Traitant par ailleurs de la « tradition », Eboussi Boulaga fait valoir que la fonction de vigilance est celle qui permet d’empêcher la répétition. « La mémoire vigilante se pose pour se libérer de la répétition de l’aliénation de l’esclavage et de la colonisation », c’est-à-dire « la domestication de l’homme, sa réduction à la condition d’objet », le dépouillement de son monde, « jusqu’à ce qu’il se renie ou se détruise lui-même, étranger à sa terre, à sa langue, à son corps, de trop dans l’existence et l’histoire »52.

D’autres modalités de la différence se traduisent soit par le rejet, soit par la fétichisation de tout ce qui est étranger, voire, dans certains cas, la retraduction de toute nouveauté dans des termes anciens – ce qui permet de la nier ou de la neutraliser. D’autres instances de la différence négative ont trait à la désertion de responsabilité, à la culpabilisation de tout autre que soi-même, à l’imputation permanente de la servitude initiale à la seule action des forces externes et à la décharge de ses pouvoirs propres. Ceci dit, Eboussi ne récuse pas la différence en soi. Pour lui, la reconnaissance de l’existence de ce qui n’est pas soi, ou qui ne se ramène pas à soi, va nécessairement de pair avec le geste de séparation à part des autres et d’identification à soi. Il existe un moment d’autonomie par rapport aux autres êtres humains qui n’est pas, par principe, un moment négatif. À cause des vicissitudes de l’histoire, un tel moment, bien vécu, permet au Nègre de se redécouvrir comme source autonome de création, de s’attester comme humain, de retrouver sens et fondement à ce qu’il est et à ce qu’il fait53. D’autre part, la différence positive est ouverture sur le futur. Elle renvoie non à une apologétique, mais à la reconnaissance de ce que chacun, comme humain, fait dans l’œuvre de constitution du monde. Dans tous les cas, la destruction des différences et le rêve d’imposition d’une langue unique à tous sont voués à l’échec. L’unité n’est jamais que l’autre nom de la multiplicité et la différence positive ne peut être qu’une différence vivante et interprétante54. Elle est fondamentalement une orientation vers le futur.
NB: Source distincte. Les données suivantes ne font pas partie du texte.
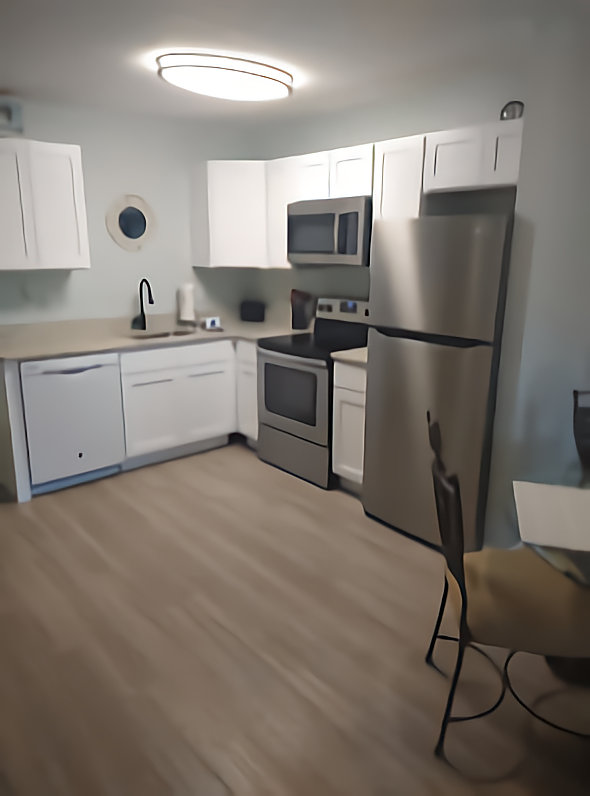 - All the kitchen appliances are stainless steel and the counter tops are granite.
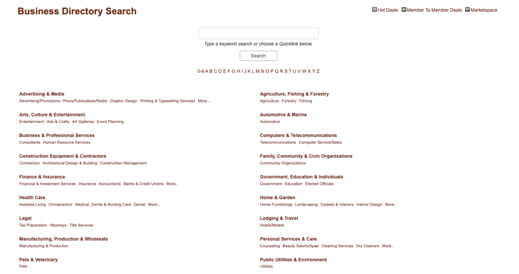 (This will be a Chambermaster page that pulls in your own member information and uses your own colors, not red.)
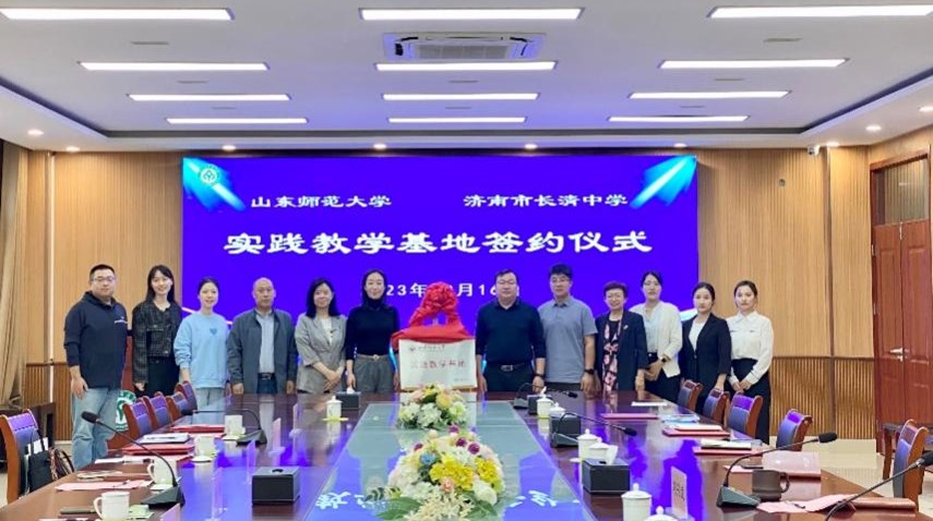 2023年10月16日下午4时,山东师范大学外国语学院与济南市长清中学实践教学基地签约揭牌仪式在济南市长清中学举行。

Il reste à déconstruire la tradition elle-même qui, souvent, sert de contrepoint au discours sur la différence en en révélant le caractère inventé.

Selon ce point de vue, l’Afrique en tant que telle – et l’on devrait ajouter le Nègre – n’existe qu’à partir du texte qui la construit comme la fiction de l’autre55. C’est à ce texte que l’on accorde ensuite une puissance structurante, au point où le soi qui prétend parler d’une voix authentiquement sienne encourt toujours le risque de ne jamais s’exprimer qu’à partir d’un discours préconstitué, qui masque le sien propre, le censure ou l’oblige à l’imitation. En d’autres termes, l’Afrique n’existe qu’à partir d’une bibliothèque coloniale qui s’immisce et s’insinue partout, y compris dans le discours qui prétend la réfuter, au point où, en matière d’identité, de tradition ou d’authenticité, il est sinon impossible du moins difficile de distinguer l’original de sa copie, voire de son simulacre. Tel étant le cas,

l’on ne saurait problématiser l’identité nègre qu’en tant qu’identité en devenir. Dans cette perspective, le monde ne constitue plus, en soi, une menace. Il apparaît, au contraire, comme un vaste réseau d’affinités56. Il n’existe pas d’identité nègre comme il existe des Livres révélés. Il y a une identité en devenir qui se nourrit à la fois des différences entre les Nègres tant du point de vue ethnique, géographique que linguistique et des traditions héritées de la rencontre avec le Tout-Monde.